Rate Limit Best Practices

Overview

When using Authlete’s API endpoints you should consider Authlete’s Rate Limit Policy and develop your applications considering resilient strategies to prevent service degradation, avoid self-inflicted Distributed Denial of Service (DDOS) patterns, and ensure continuous operation during peak load. The following technical best practices are essential we recommend our customers to consider.

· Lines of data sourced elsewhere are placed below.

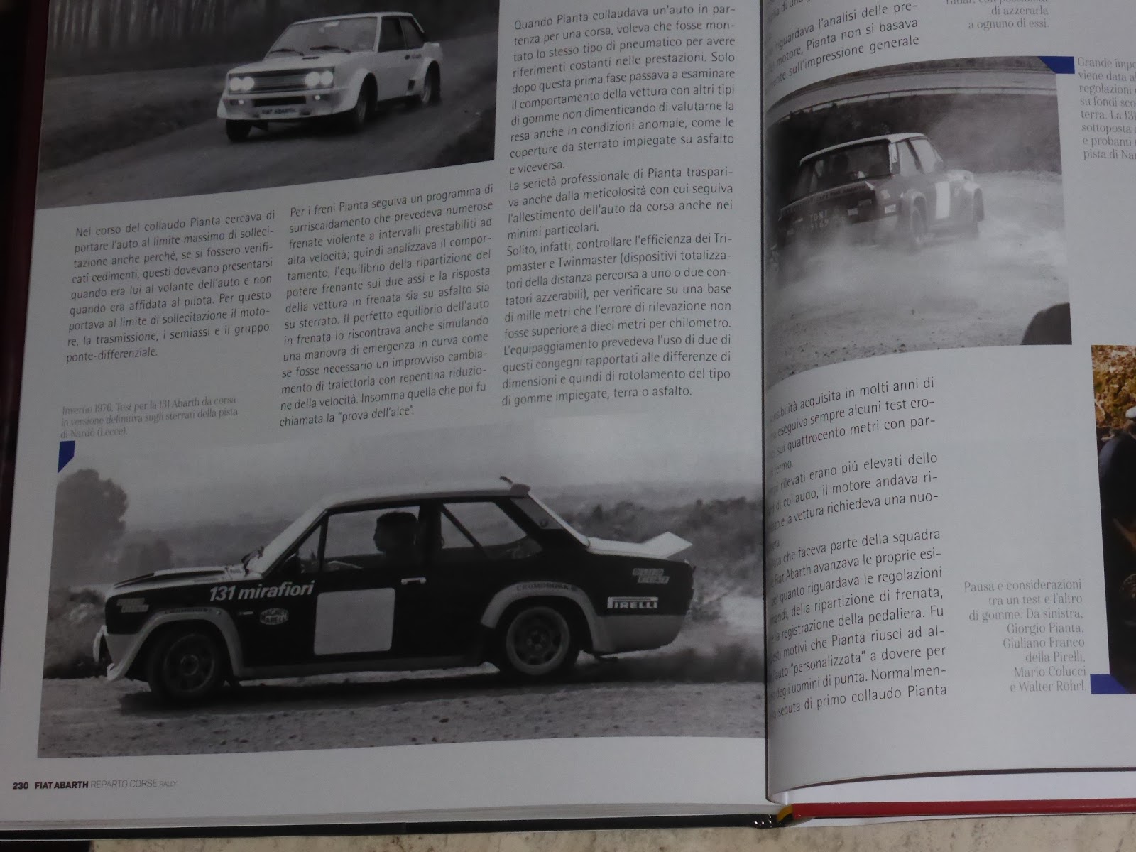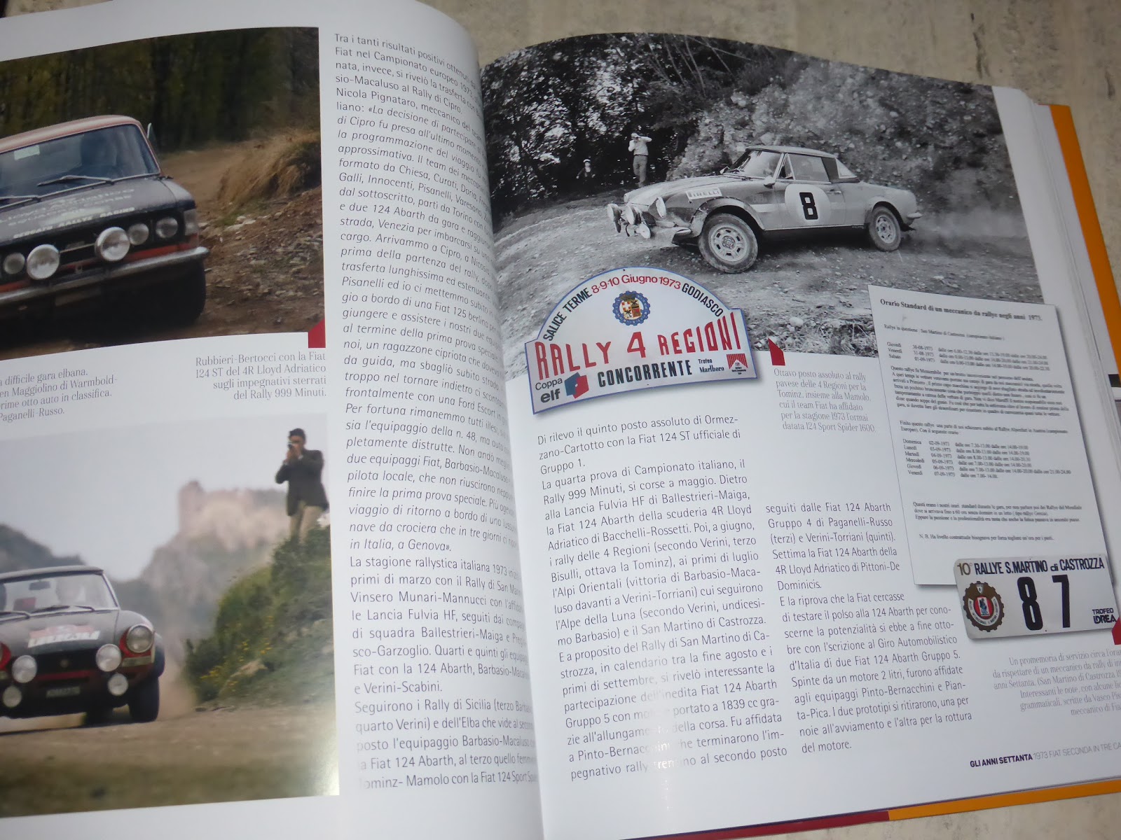 Il libro di Sanfront merita tempo e approfondimento. Con 244 pagine è un volume abbastanza imponente, ma non dà subito l\’idea della sua importanza e della sua qualità. I testi, a una prima occhiata, sembrano un po\’ poveri, e le foto, chissà perché non riescono a imporsi più di tanto. Poi scatta una molla: lo si riprende in mano, lo si sfoglia di nuovo, per la seconda, la terza, la quarta volta e allora lì, poco a poco, il libro inizia a rivelare i propri meriti, che sono tanti. A una cronologia anno per anno seguono i ritratti tecnici delle varie vetture utilizzate: Fiat 124 Sport Spider e Abarth, X1/9 Prototipo, 131 Abarth, ossia i mezzi impiegati ufficialmente nelle varie competizioni, incluse gare non propriamente da classificare come rally quali il Giro d\’Italia o il Tour de France Auto.
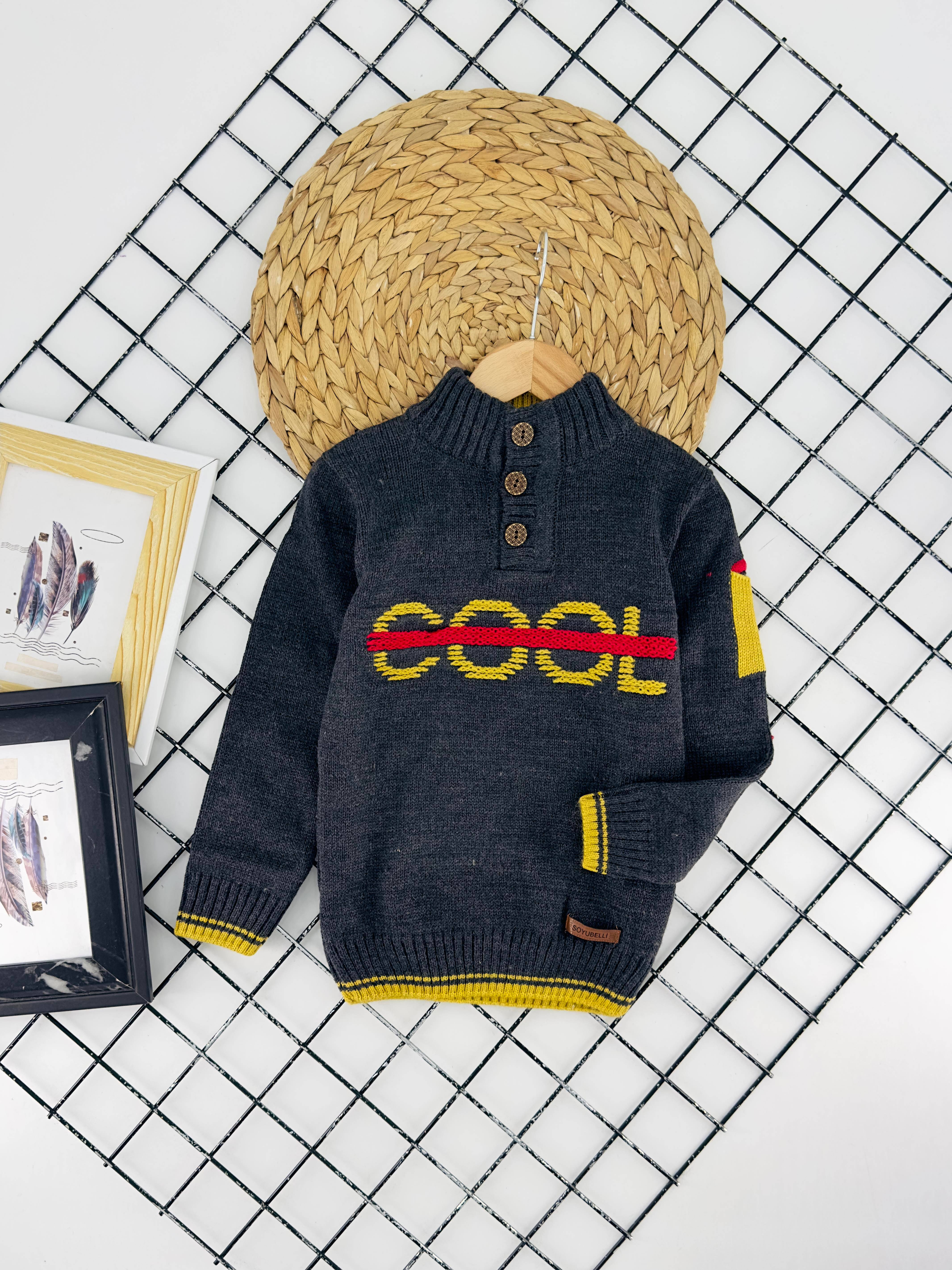 A03-1 Düğmeli Cool Yazılı İşlemeli Erkek Çocuk Kazak-FÜME
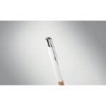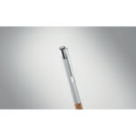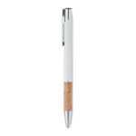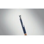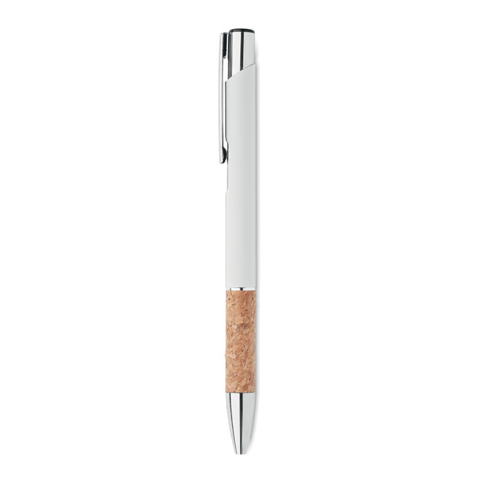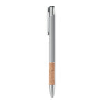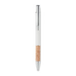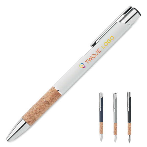 Przyciskany długopis wykonany z aluminium z eleganckim korkowym uchwytem to połączenie nowoczesności i ekologicznego designu. Niebieski tusz zapewnia komfort pisania i czytelność zapisów. Kombinacja metalowego korpusu z naturalnym korkiem nie tylko przyciąga wzrok, ale także gwarantuje wygodę użytkowania oraz trwałość produktu. Długopis ten doskonale nadaje się jako praktyczny gadżet reklamowy, który może zostać spersonalizowany poprzez nadruk lub grawerowanie logo firmy, co sprawia, że jest idealnym wyborem dla przedsiębiorstw ceniących sobie zarówno styl, jak i ekologię. To świetny sposób na promocję marki, który jednocześnie podkreśla zaangażowanie firmy w ochronę środowiska naturalnego.

Implement Intelligent Caching for Query Endpoints

Caching is the primary defense against unnecessary API calls and rate-limit violations. In the case of Authlete there are endpoints that are used regularly and return information that do not change that often and can be cached to improve performance and to reduce the risk of being rate limited by external factor. The following table is an non-exhaustive list of endpoints that should be considered when planning caching in your application.

Endpoint	Usage	Comments
Get Service Configuration `/api/{serviceId}/service/configuration`	This API is intended to be called from within the implementation of the configuration endpoint of the service where the service that supports OpenID Connect and OpenID Connect Discovery 1.0.	Many OpenID SDKs and libraries use the discovery endpoint to simplify its configuration and usage. When this libraries are deployed as part of a web application or site your OpenID Provider might receive a large number of requests. The configuration of a service does not change often so this is an endpoint that can be safely cached.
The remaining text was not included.